## What the exercise asks
Without any of the pictures, set down the data below exactly.

## Information shown
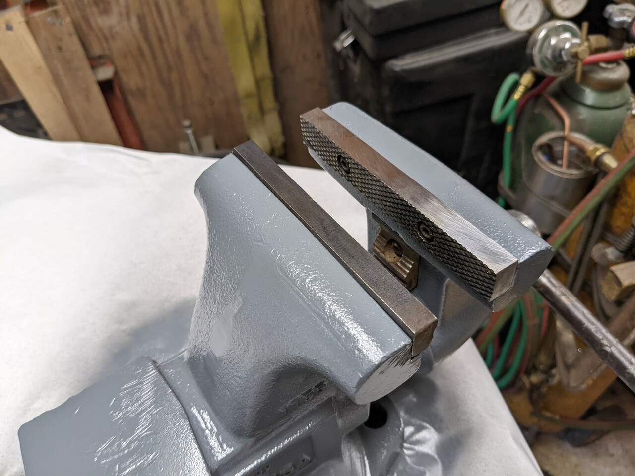 I picked up a 5 1/2" Wilton Tradesman vise for $50, which I consider an incredible price. It's a step below a Wilton Bullet, and those are the holy grail. This one is similar to a Bullet, but were sometimes sold as a Wilton, other times as a Snap-On. It opens to something like 8", and has nice pipe jaws. It's a very nice vise.
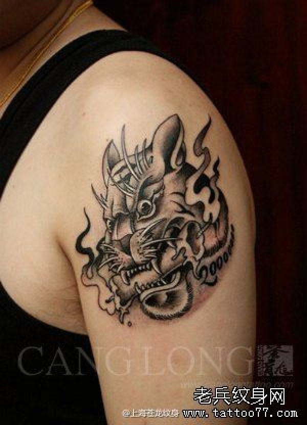 龙纹身手稿_一组老传统黑灰龙手稿纹身图案
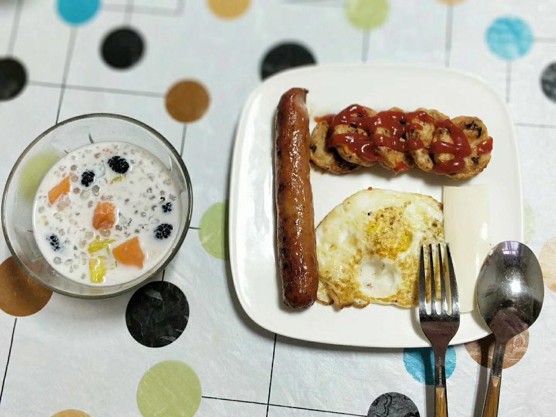 虾饼、煎蛋、香肠、西米露
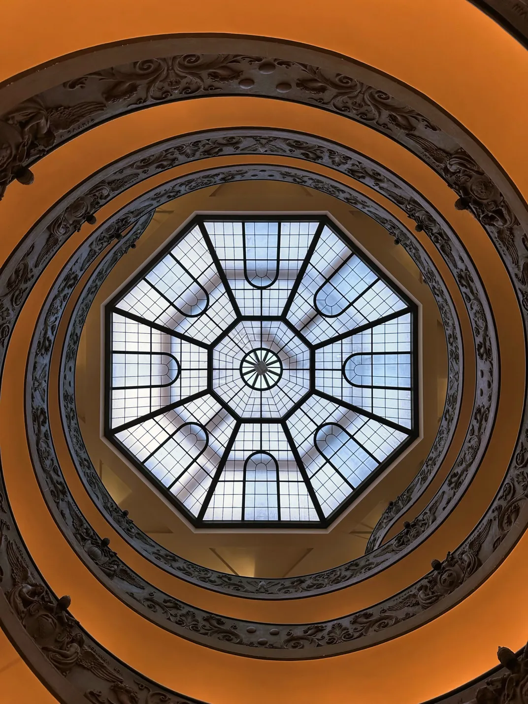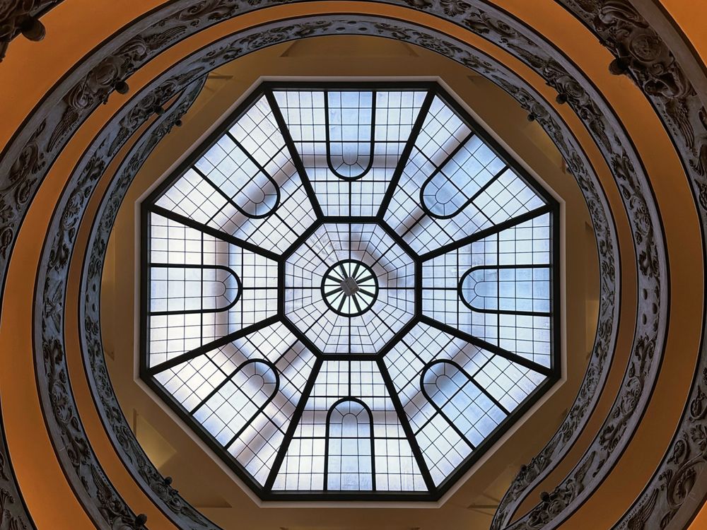 Looking up through the magnificent Bramante Staircase in the Vatican Museums (Museo Pio-Clementino). The spiralling architecture draws the eye towards the central skylight, which floods the historic structure with natural light, creating a sense of awe.

## Exercise result
 I picked up a 5 1/2" Wilton Tradesman vise for $50, which I consider an incredible price. It's a step below a Wilton Bullet, and those are the holy grail. This one is similar to a Bullet, but were sometimes sold as a Wilton, other times as a Snap-On. It opens to something like 8", and has nice pipe jaws. It's a very nice vise.
 龙纹身手稿_一组老传统黑灰龙手稿纹身图案
 虾饼、煎蛋、香肠、西米露
 Looking up through the magnificent Bramante Staircase in the Vatican Museums (Museo Pio-Clementino). The spiralling architecture draws the eye towards the central skylight, which floods the historic structure with natural light, creating a sense of awe.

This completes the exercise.